Ron Jeremy nos dio de beber

El más grande de todos, y a su lado: Ron Jeremy mostrando el delicioso y aromático Ron de Jeremy
El más grande de todos, y a su lado: Ron Jeremy mostrando el delicioso y aromático Ron de Jeremy

Es cierto. Ron Jeremy nos dio de beber. El jueves pasado manejábamos por la famosa Pacific Coast Highway desde Malibu con dirección sur hacia Santa Monica cuando, de pronto, el Z dijo:

Aguanta-guanta-guanta que quiero achicar. Para donde sea.

Justo pasábamos frente al restaurante Gladstones. Estacionamos. Acababa de anochecer y por fin corría aire fresco. Entramos al local y nos dirigimos hacia el bar. Estaba vacío con excepción de un grupo de tres tíos.

Entonces lo reconocimos.

Vivimos en Los Angeles desde el 2005 y todas las veces que nos hemos encontrado con “celebridades” han sido sin darnos cuenta hasta que finalmente alguien nos indica que estamos en la presencia de un famoso. Pero con Ron fue diferente; la identificación fue instantánea.

Estuvimos pensando por qué y llegamos a la siguiente conclusión: no es que seamos unos pervertidos, sino que Ron Jeremy es uno de esos personajes que han llegado a trascender los límites de su profesión y se han convertido en iconos pop.
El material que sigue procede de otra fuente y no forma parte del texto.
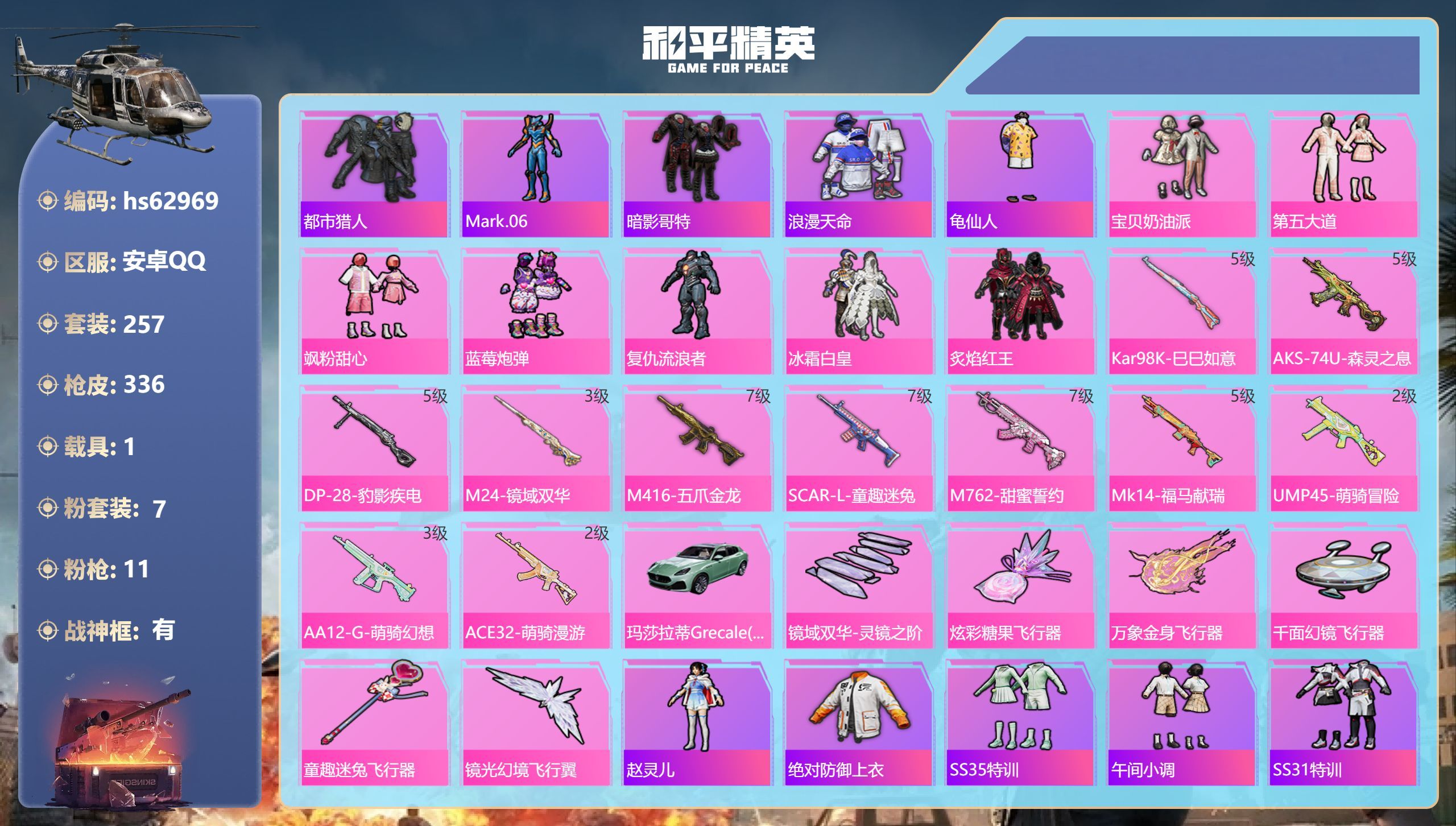 hs62969 安卓手Q-21王牌印记-有战神框-7粉装-11特效枪-1载具-106891热力值-2

Ron está a la par de Bruce Lee y Arnold Schwarzenegger, quienes (citamos al gran Reynaldo) “lograron transformar la opinión de toda una sociedad respecto a una actividad física, logrando hacerla parte de la vida diaria: practicar artes marciales o ir al gimnasio es aceptado, normal y hasta recomendable hoy en día.” Lo mismo se aplica al cine porno.

Algunos datos curiosos acerca de Ron:

  • Es apodado “el erizo” (the hedgehog) no por su condición actual de tío gordo decadente, sino por tener los pelos de punta al salir de una ducha caliente (tomada después de un viaje en moto en pleno invierno). Esto ocurrió en 1979.
  • Posee el record mundial como actor de films porno: 2216 pelis como actor, 285 como director… y aún no está retirado.
  • Está promocionando su propia marca de ron: Ron de Jeremy (ver foto). Pidió vasos al barman y nos dio de beber su poderoso líquido. El secreto de lo oculto.
  • Es chato, mide nada más 1.68m. Se lo hicimos notar cuando nos tomamos una foto con él. Le dijimos “Ron, you’re a small guy”, y el CSM respondió “sí, cuando estamos parados, pero echados soy el más alto de todos”.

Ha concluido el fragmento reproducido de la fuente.